How do you factor #(x^3+12x^2+48x+64)/8#?

2 Answers
Feb 22, 2018

#(x^3+12x^2+48x+64)/8 = 1/8(x+4)^3 = ((x+4)/2)^3#

Explanation:

Note that #x^3# and #64 = 4^3# are both perfect cubes.

Note also that:

#(a+b)^3 = a^3+3a^2b+3ab^2+b^3#

Putting #a=x# and #b=4#, we find:

#(x+4)^3 = x^3+3(4)x^2+3(4)^2x+4^3#

#color(white)((x+4)^3) = x^3+12x^2+48x+64#

So:

#(x^3+12x^2+48x+64)/8 = 1/8(x+4)^3 = ((x+4)/2)^3#

Feb 22, 2018

#(x(x^2+12x+48))/(8) +8#

Explanation:

To make the factoring easier, I'm going to rewrite the above expression as follows:

#(x^3+12x^2+48x)/8 + (64)/8#

NOTE: I separated the #64# so we could be able to factor the numerator.

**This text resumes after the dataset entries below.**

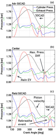 The PVO strategy, where the EV and the IV events were retarded and advanced, respectively, was applied to increase the overlap duration between the two events. An increased valve overlap duration increased the in-cylinder total RSG mass by allowing a cross flow of the exhaust gases from the exhaust port to the intake port. For this study, the EV and the IV events were shifted to the maximum allowed positions of the 30 CAD and the 15 CAD, respectively, under the constraint of the valve-piston contact limit, as shown in Figure 7b. In addition, the BPV was throttled to increase the total RSG mass level, when required.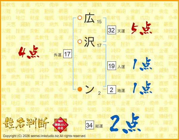 広沢ンさんの総運は34画の2点!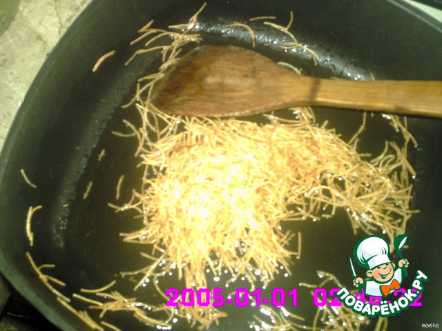 Наливаем масло в кастрюлю и разогреваем, всыпаем вермешель и обжариваем до золотистого или розового цвета.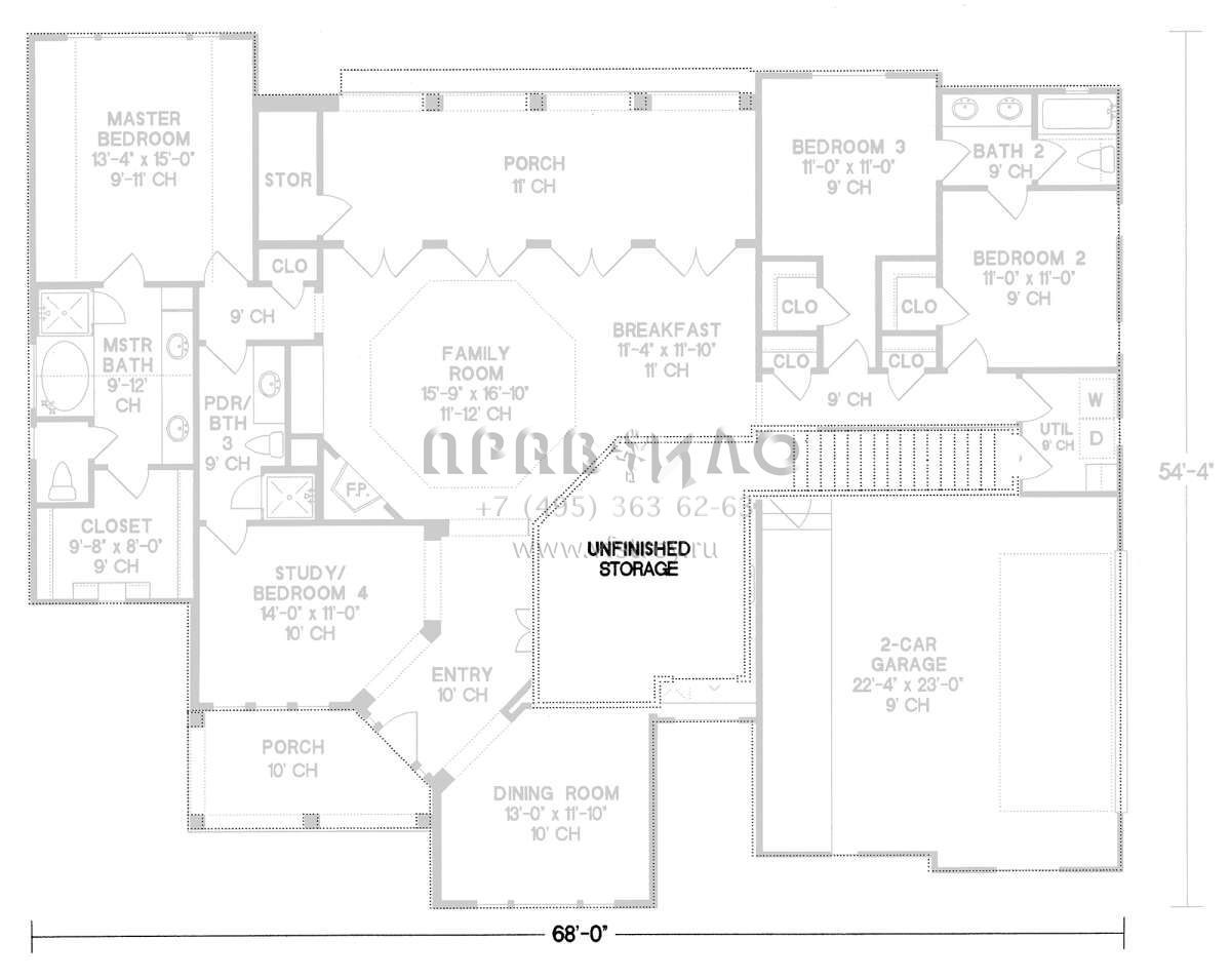 Поскольку этот проект разрабатывался иностранными архитекторами, для строительства дома требуется переработка проекта под действующие в России нормы. Данные визуализации проекта представлены для ознакомления с концепцией проекта. Проект разработан американским архитектурным бюро и представлен America's Best House Plans.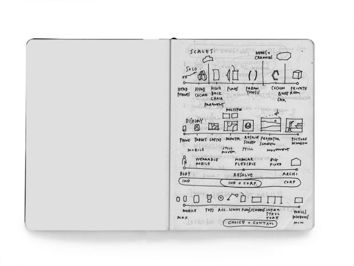 This defined our criteria: make more with less, create a small kit of parts, must be easy to move. Herman Miller weighed in with the two-hour, two people benchmark that led us to the free-standing architectural framework and solution. The elements had to be light enough and easy to move around, yet needed to feel substantial when you are sitting in it. We knew at that point we needed a vertical element to create the visual boundary and sense of enclosure. This would support the need to have writable elements, hang project boards or mount technology. Drawing and diagramming are part of our work tools.

We can factor an #x# out of the numerator, since all of the terms have an #x# in common. Factoring is essentially dividing every term by #x#, so we get:

#(x(x^2+12x+48))/(8) +8#

To factor the terms in parenthesis, let's do a small thought experiment:

  • What two numbers when I add them, sum up to #12#, and when I multiply them, the product is #48?#

Well, the factors of #48# are #1# and #48#, #2# and #24#, #3# and #16#, #4# and #12#, and #6# and #8#. None of them add up to #12#, respectively. This means we cannot factor this any further with real numbers.